Our build server attempts to build the project with every revision, and it requires that linters and unit tests pass successfully. To protect yourself from the embarrasment of breaking the build, git hooks can be set up to run everything on your local box before you push.

Git hooks are configured in Gruntfile.js with the grunt-githooks plugin. Running grunt githooks udpates files in your .git/hooks/ so that the specific grunt tasks will be run at the given git events. This means if the githooks task configuration is ever changed, you will need to run grunt githooks again to update your hook scripts (and if a hook is removed the Gruntfile configuration, you may need to delete the old script from .git/hooks/).

Currently included hooks (and the tasks they run) are:

  • pre-commit: scsslint and jshint
  • pre-push: jasmine

Bootstrap

We are using a customized version of Bootstrap to avoid conflicts with global NSIDC styles included via SSI. To add to the existing set of styles and scripts go to Bootstrap's customize page.

To generate the download, first deselect all items in the "Choose components" and "Select jQuery plugins" sections.

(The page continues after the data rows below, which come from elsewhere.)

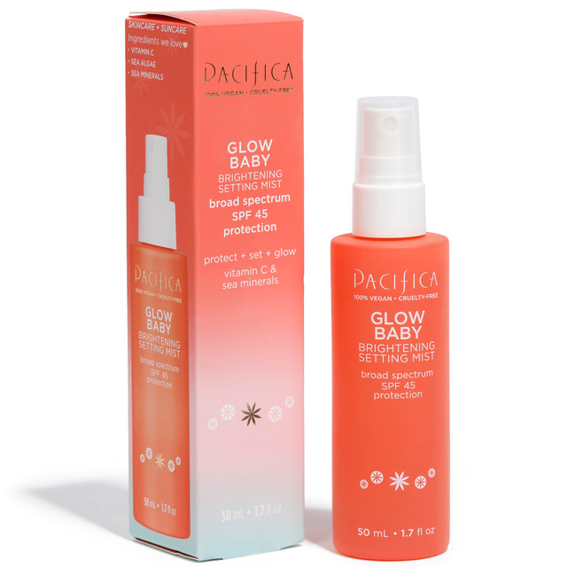 This brightening setting mist is infused with Vitamin C and sea minerals for invisible, lightweight application. Includes SPF 45 for protection with hydration and a glowy finish. 1.7 FL. OZ.
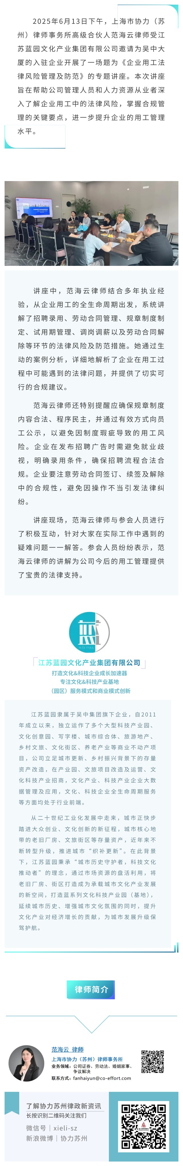 协力资讯丨范海云律师受江苏蓝园集团邀请为吴中大厦的入驻企业作《企业用工法律风险管理及防范》专题讲座
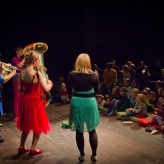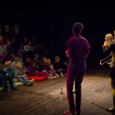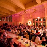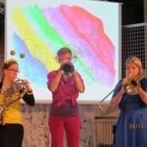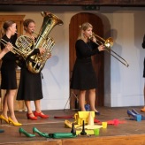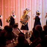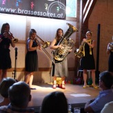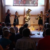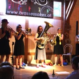 Wie wird es aber plötzlich eng und voll hier! Die Menschenmassen strömen, die Temperaturen steigen, die Veranstalter schwitzen und suchen nach weiteren vorhandenen Sitzgelegenheiten - und entwenden uns dabei sogar die Stühle aus der Garderobe... Bis auf den letzten Zentimeter wird der Raum vollgemacht – alle dürfen kommen, wenn Brassessoires zum Konzert blasen! Es scheint so, als ob sich die ganze Umgebung auf den Weg gemacht hätte, um uns zu besuchen. Oder kriegen wir all die Gäste ab, die zu fußfaul sind, um auf dem parallel laufenden Tanzabend das Bein zu schwingen?
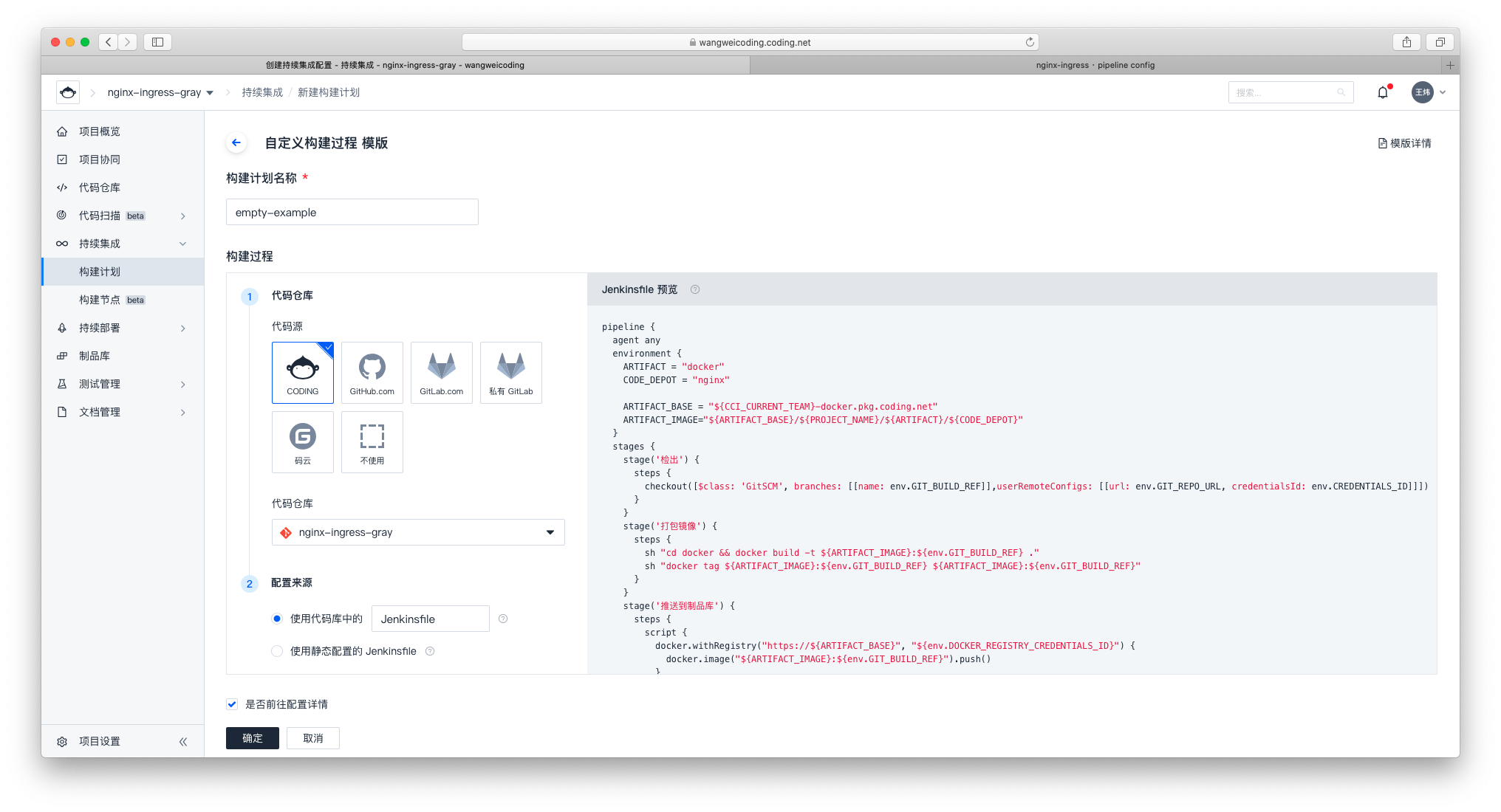 使用“自定义构建过程”创建构建计划,并选择使用代码仓库的 Jenkinsfile
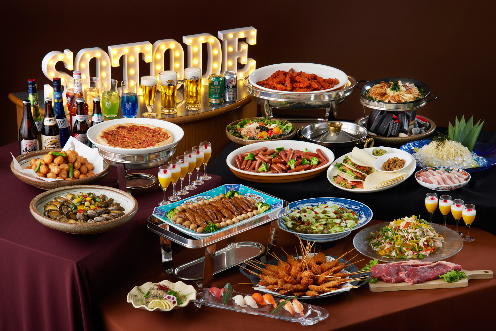 毎年好評の夏のビアガーデンが、今年は「都ホテルズ&リゾーツ」ブランド加盟20周年を記念し、さらに充実して登場します。地上40mの開放感あふれる空間で、涼やかな夜風に包まれながら、和・洋・中の料理長が手がける多彩なメニューをブッフェスタイルで心ゆくまでご堪能いただけます。生ビールやクラフトビール、カクテルなどドリンクも充実し、仕事帰りの一杯からご友人同士の集まりまで、幅広いシーンに対応します。
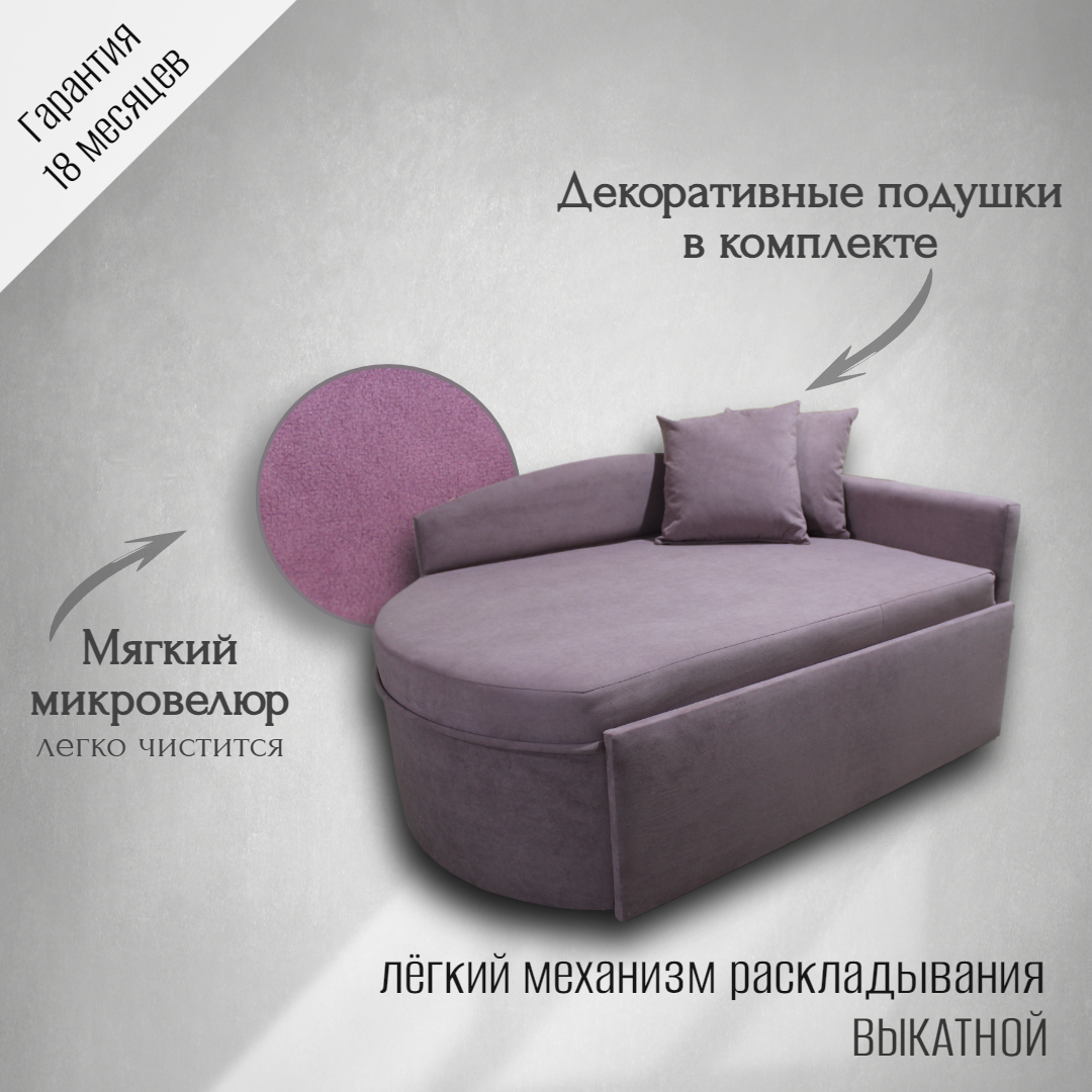 Диван кровать , Кушетка односпальная , Механизм выкатной , Цвет: лаванда, угол слева,123*75*68 19 800 ₽

In "Choose components" select the following:

  • Base CSS
    • Buttons
  • Componets
    • Button groups and dropdowns
    • Alerts
  • JS Components
    • Dropdowns

In "Select jQuery plugins" select the following:

  • Dropdowns
  • Buttons

Replace the src/contrib/bootstrap/ directory with the contents of the downloaded zip file. Be sure to update this list of components after each new download.

Releases/Changelog

The version in package.json is updated automatically with the grunt release:$part task (where $part is patch, minor, or major). This task creates a git tag for the new version, and adds 2 new header lines to CHANGELOG.md, indicating the version number and the date it was released. Therefore, new changes should be documented at the top of CHANGELOG.md without a version header, since it will be added automatically later.